Doing sorts using LINQ clauses isn’t very efficient. Generally you have to get all the results to do a valid sort. Surely it’s possible to get Lucene to do this job for us before we go to the trouble of fetching all the results? Initially that doesn’t look easy. How do you pass a sort order into your query? The IndexSearchContext class that you use to execute a search has lots of methods, but none mention sorting:

public class IndexSearchContext : IndexContextBase, IDisposable
{
    protected IndexSearchContext();
    public IndexSearchContext(ILuceneIndex index);

    public IndexSearcher Searcher { get; }

    protected BooleanQuery CreateBooleanQuery(BooleanQuery prototype, params object[] args);
    protected BooleanQuery CreateBooleanQuery(bool disableCoord, float boost, params object[] args);
    protected PrefixQuery CreatePrefixQuery(TermQuery termQuery);
    protected PrefixQuery CreatePrefixQuery(string name, string value, float boost);
    protected TermQuery CreateTermQuery(string name, string value, float boost);
    public void Dispose();
    public static string Escape(string query);
    public Explanation Explain(PreparedQuery query, int doc);
    protected void Initialize(ILuceneIndex index, bool close);
    protected Query InternalParse(string query);
    protected Query InternalParse(string query, string defaultField);
    public PreparedQuery Parse(string query);
    public PreparedQuery Parse(string query, ISearchContext context);
    public PreparedQuery Prepare(QueryBase query);
    protected PreparedQuery Prepare(Query query, ISearchContext context);
    public PreparedQuery Prepare(QueryBase query, ISearchContext context);
    [Obsolete("Use Search(PrepareQuery query, int n)")]
    public SearchHits Search(PreparedQuery query);
    [Obsolete("Deprecated. Use Search(Query query, int n)")]
    public SearchHits Search(Query query);
    [Obsolete("Deprecated. Use Search(QueryBase query, int n)")]
    public SearchHits Search(QueryBase query);
    [Obsolete("Use Search(string query, int n)")]
    public SearchHits Search(string query);
    public SearchHits Search(PreparedQuery query, int n);
    public SearchHits Search(Query query, int n);
    [Obsolete("Deprecated. Use Search(Query query, int n, ISearchContext context")]
    public SearchHits Search(Query query, ISearchContext context);
    public SearchHits Search(QueryBase query, int n);
    [Obsolete("Deprecated. Use Search(QueryBase query, int n, ISearchContext context)")]
    public SearchHits Search(QueryBase query, ISearchContext context);
    public SearchHits Search(string query, int n);
    [Obsolete("Use Search(string query, int n, ISearchContext context)")]
    public SearchHits Search(string query, ISearchContext context);
    public SearchHits Search(Query query, int n, ISearchContext context);
    public SearchHits Search(QueryBase query, int n, ISearchContext context);
    public SearchHits Search(string query, int n, ISearchContext context);
    protected virtual Query Translate(QueryBase query);
}

A bit of messing about with Google looking for ideas, and I came across a post on the developer’s favourite website Stack Overflow suggesting a solution: You can overload the IndexSearchContext with method(s) which do pass a sort parameter on to Lucene:

public class SortableIndexSearchContext : IndexSearchContext
{
    public SortableIndexSearchContext(ILuceneIndex index)
    {
        Initialize(index, true);
    }

    public SearchHits Search(Query query, Sort sort)
    {
        return Search(query, SearchContext.Empty, sort);
    }
}

(See @techphoria414‘s answer in Stack Overflow above for other overloads that are possible)
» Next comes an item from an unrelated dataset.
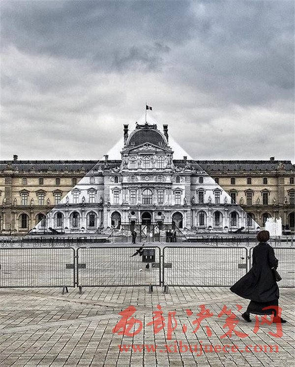 利用攝影技術(shù),法國街頭藝術(shù)家JR讓巴黎盧浮宮前著名的玻璃金字塔消失了。當(dāng)從一個精確的角度看過去,金字塔真的不見了,我們得以見到盧浮宮驚人的“真面目”。
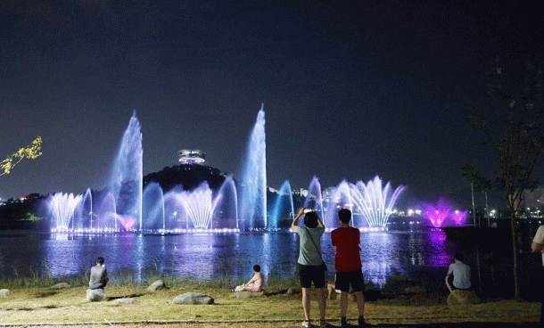 대중가요, 트롯, 댄스 등 음악에 화려한 야간 조명을 더해 고사분수, 안개분수 등 10여 종류의 화려한 분수 쇼를 연출한다.

So now we have a way to pass a sort, what is it that we need to pass in? A Lucene Sort object. That consists of one or more SortField instructions to sort based on a field name. So you can create sorts with something like:

Sort singleLevelText = new Sort(new SortField("indexfieldname", SortField.STRING, false));

Sort twoLevel = new Sort(new SortField[] {
    new SortField("firstfieldname", SortField.INT, true),
    new SortField("secondfieldname", SortField.STRING, false)
});

Each SortField needs the name of the index column, a data type and a boolean to indicate if the sort order should be reversed or not. While Lucene still provides a SortField.AUTO option where it tries to work out the type to sort itself, this is marked as obsolete. An accurate description of the data type should be provided.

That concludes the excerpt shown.